-------- DATA FOR THIS TASK --------

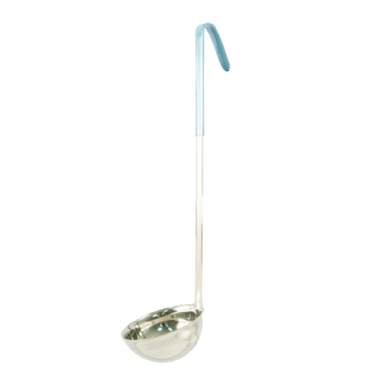 The CAC China SSLD-60TL Ladle 6 Oz. 14-3/4"L is a precision-crafted kitchen utensil designed to meet the demanding needs of both professional chefs and home cooks. This ladle features a one-piece construction, enhancing its durability and reliability in high-traffic kitchens. The stainless steel material ensures long-lasting performance and resistance to rust and staining, making it ideal for frequent use in commercial settings. With a generous 6-ounce capacity, this ladle is perfect for serving soups, sauces, and stews, offering precise portion control. The teal handle adds a touch of color and is ergonomically designed to provide a comfortable grip, reducing hand fatigue during extended use. Measuring 14-3/4 inches in length, it allows for easy reach into deep pots and containers, facilitating efficient service. The CAC China SSLD-60TL Ladle is packed by 120 each per case, catering to businesses that require bulk purchasing to maintain their operations effectively. This product is particularly valuable in the food service industry, where speed and efficiency are paramount. Its sturdy construction and user-friendly design make it a trusted tool for culinary professionals and a dependable choice for enhancing kitchen productivity.
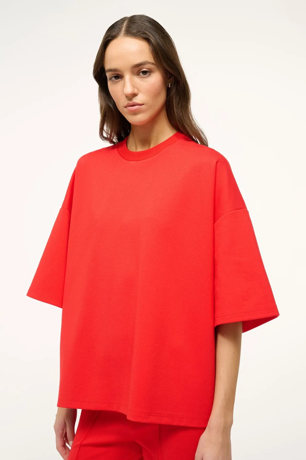 An oversized crewneck shirt in our ponte fabric with a rib neck trim. The Capsule Top is a perfect travel day essential when paired with our Knack Pant.
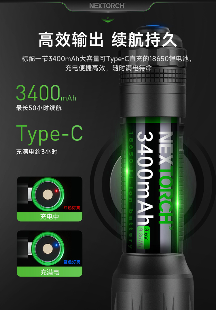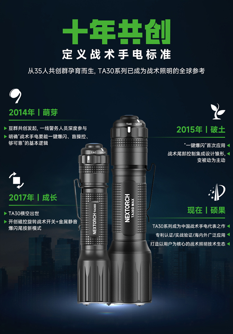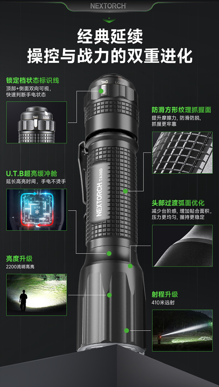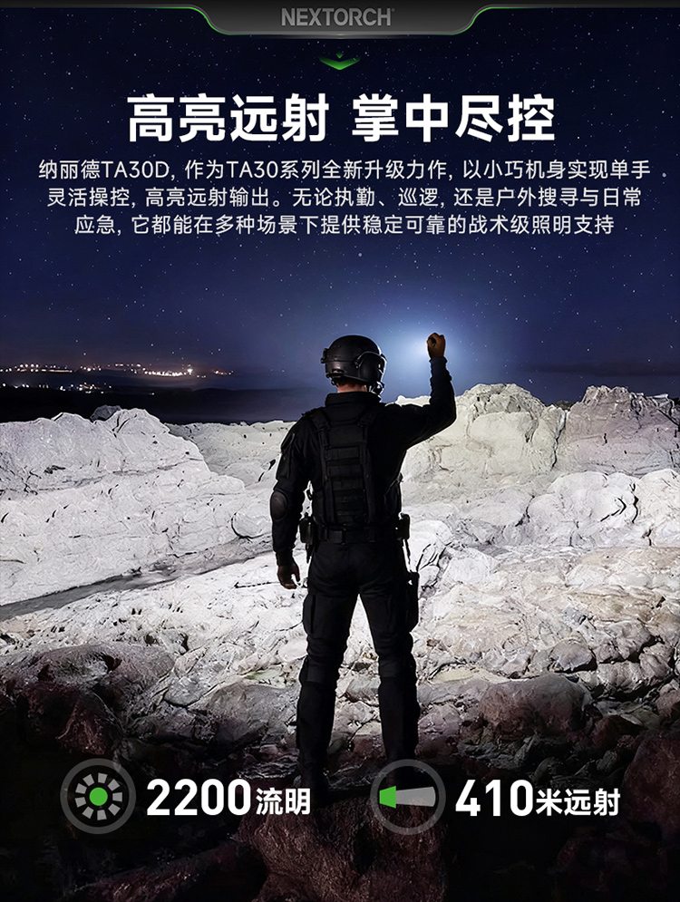【新品,送FR-1指环】TA30D战术手电筒磁控双阶战术开关一键爆闪
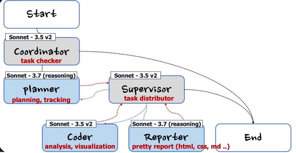 중요한 점은 각 에이전트가 작업을 완료할 때마다 Planner가 다시 호출되어 Task Tracking을 수행한다는 것입니다. 이를 통해 계획된 분석이 올바르게 수행되었는지 확인하고, 필요시 추가 분석이나 수정 작업을 지시합니다. 예를 들어, Coder가 데이터 분석을 완료하면 Planner가 결과를 검토하여 계획한 분석이 모두 수행되었는지, 예상치 못한 데이터 패턴이 발견되어 추가 분석이 필요한지 등을 판단합니다.
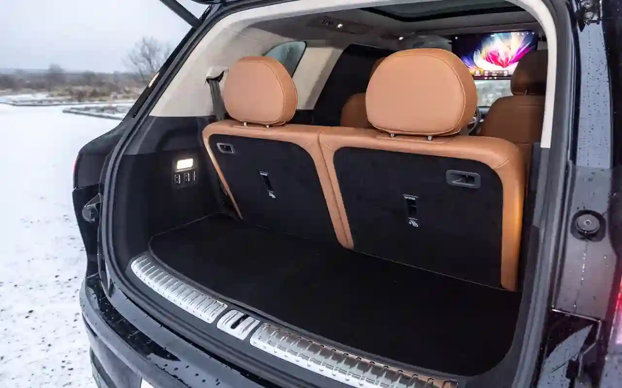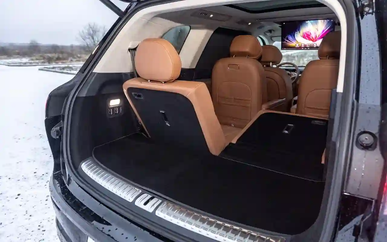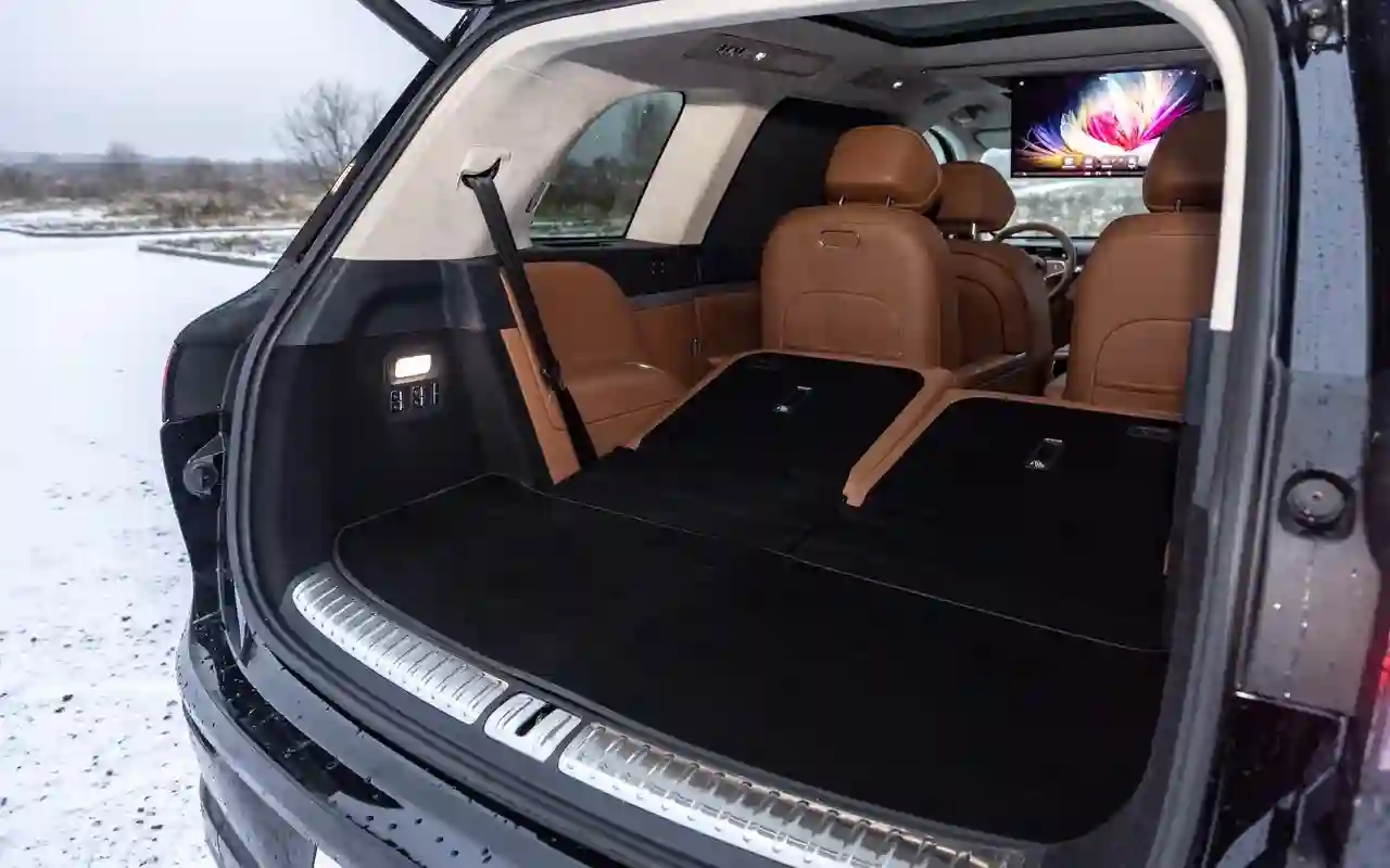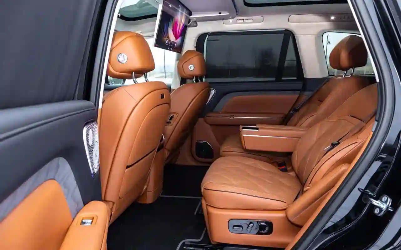 О банальных подогревах с вентиляциями говорить не имеет смысла. У каждого сиденья на втором ряду — отдельный 3,5-дюймовый цифровой пульт со всеми прибамбасами: хоть музыку включай, хоть караоке или видеоигру, либо же раскладывай в кровать, если захотелось вздремнуть. Откидной телевизор диагональю 21,4 дюйма на потолке, громадная панорамная крыша, электрические шторки на боковых окнах и столики в спинках передних кресел — все в VOYAH ТАЙШАН / TAISHAN кричит о том, что пассажир здесь главный и машина только для него.

--------

DIRECTIONS FOR THIS TASK: Retype the whole of the data verbatim. Skip every picture.

YOUR SOLUTION:
 The CAC China SSLD-60TL Ladle 6 Oz. 14-3/4"L is a precision-crafted kitchen utensil designed to meet the demanding needs of both professional chefs and home cooks. This ladle features a one-piece construction, enhancing its durability and reliability in high-traffic kitchens. The stainless steel material ensures long-lasting performance and resistance to rust and staining, making it ideal for frequent use in commercial settings. With a generous 6-ounce capacity, this ladle is perfect for serving soups, sauces, and stews, offering precise portion control. The teal handle adds a touch of color and is ergonomically designed to provide a comfortable grip, reducing hand fatigue during extended use. Measuring 14-3/4 inches in length, it allows for easy reach into deep pots and containers, facilitating efficient service. The CAC China SSLD-60TL Ladle is packed by 120 each per case, catering to businesses that require bulk purchasing to maintain their operations effectively. This product is particularly valuable in the food service industry, where speed and efficiency are paramount. Its sturdy construction and user-friendly design make it a trusted tool for culinary professionals and a dependable choice for enhancing kitchen productivity.
 An oversized crewneck shirt in our ponte fabric with a rib neck trim. The Capsule Top is a perfect travel day essential when paired with our Knack Pant.
【新品,送FR-1指环】TA30D战术手电筒磁控双阶战术开关一键爆闪
 중요한 점은 각 에이전트가 작업을 완료할 때마다 Planner가 다시 호출되어 Task Tracking을 수행한다는 것입니다. 이를 통해 계획된 분석이 올바르게 수행되었는지 확인하고, 필요시 추가 분석이나 수정 작업을 지시합니다. 예를 들어, Coder가 데이터 분석을 완료하면 Planner가 결과를 검토하여 계획한 분석이 모두 수행되었는지, 예상치 못한 데이터 패턴이 발견되어 추가 분석이 필요한지 등을 판단합니다.
 О банальных подогревах с вентиляциями говорить не имеет смысла. У каждого сиденья на втором ряду — отдельный 3,5-дюймовый цифровой пульт со всеми прибамбасами: хоть музыку включай, хоть караоке или видеоигру, либо же раскладывай в кровать, если захотелось вздремнуть. Откидной телевизор диагональю 21,4 дюйма на потолке, громадная панорамная крыша, электрические шторки на боковых окнах и столики в спинках передних кресел — все в VOYAH ТАЙШАН / TAISHAN кричит о том, что пассажир здесь главный и машина только для него.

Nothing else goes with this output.